>A statistical model may "capture" explanatory relations, but can it use them?
That's the beauty of autoregressive training, the model is rewarded for capturing and utilizing explanatory relations because they have an outsized effect on prediction. It's the difference between frequency counting while taking the past context as an opaque unit vs decomposing the past context and leveraging relevant tokens for generation while ignoring irrelevant ones. Self-attention does this by searching over all pairs of tokens in the context window for relevant associations. Induction heads[1] are a fully worked out example of this and help explain in-context learning in LLMs.
>Anyway I find it very hard to think of language models as explanatory models. They're predictive models, they are black boxes, they model language, but what do they explain? And to whom?
The model encodes explanatory relationships of phenomena in the world and it uses these relationships to successfully generalize its generation out-of-distribution. Basically, these models genuinely understand some things about the world. LLMs exhibit linguistic competence as it engages with subject matter to accurately respond to unseen variations in prompts of that subject matter. At least in some cases.
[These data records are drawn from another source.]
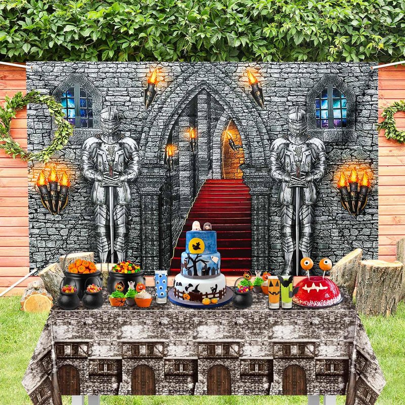 2 Pcs Medieval Party Decorations, Medieval Scene Setter Set, Castle Backdrop with Halloween Brick Stone Wall Tablecloth, Knight Themed Castle Decorations for Party Table Wall Decor
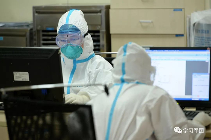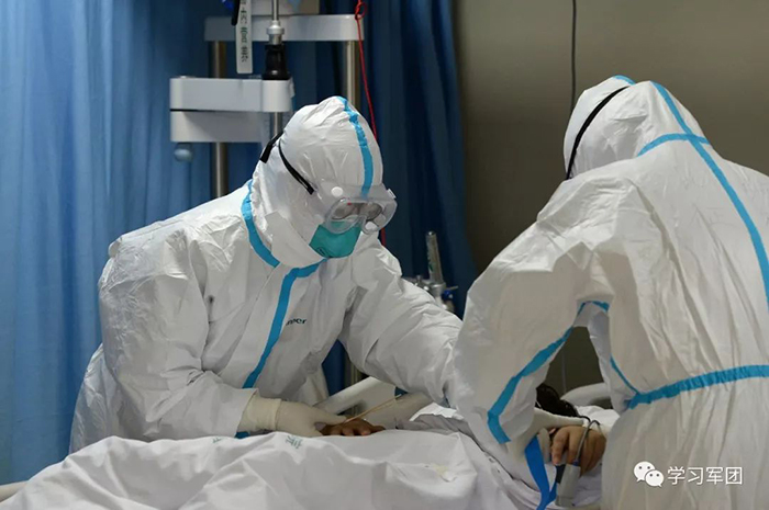 1月27日上午,海軍軍醫(yī)大學醫(yī)療隊醫(yī)護人員在漢口醫(yī)院重癥監(jiān)護室對新型冠狀病毒感染的肺炎患者進行救治。醫(yī)護人員密切關(guān)注患者病情,根據(jù)變化調(diào)整輸液速度。解放軍報記者范顯海攝
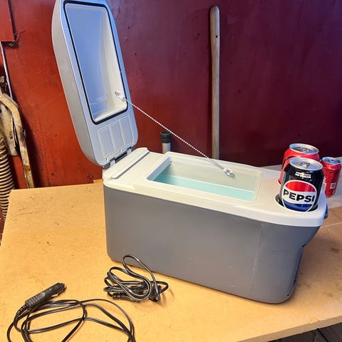 Grå bærbar køler, ideel til at holde dine drikkevarer og mad friske. - Kompakt og funktionelt design. - To kopholdere integreret i låget. - Kontrolpanel med temperaturjustering.
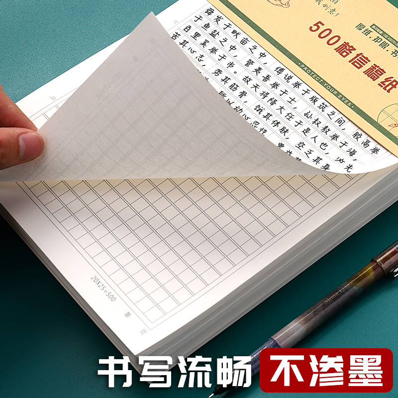 晨光加厚原稿纸作文纸400格小学生用大学报告横线横格原稿双行16K信笺米字格带班级单线双线申请书专用信稿纸
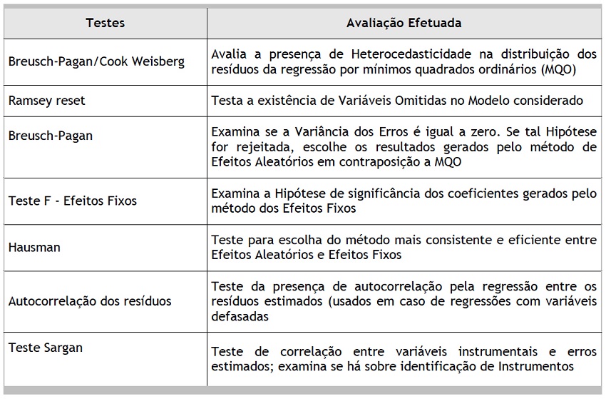 Ademais, foi testada a influência de variáveis não observáveis, seja por efeitos fixos, seja por efeitos aleatórios, usando-se para a análise final a relação estatística mais adequada.

I argue this point in some detail here[2].
>how can we say which model we got a hold of?
More sophisticated tests, ideally that can isolate exactly what was in the training data in comparison to what was generated. I think the example of the wide variety of poetry these models generate should strongly raise one's credence that they capture a sufficiently accurate model of poetry. I go into detail on this example in the link I mentioned. Aside from that, various ways of testing in-context learning can do a lot of work here[3].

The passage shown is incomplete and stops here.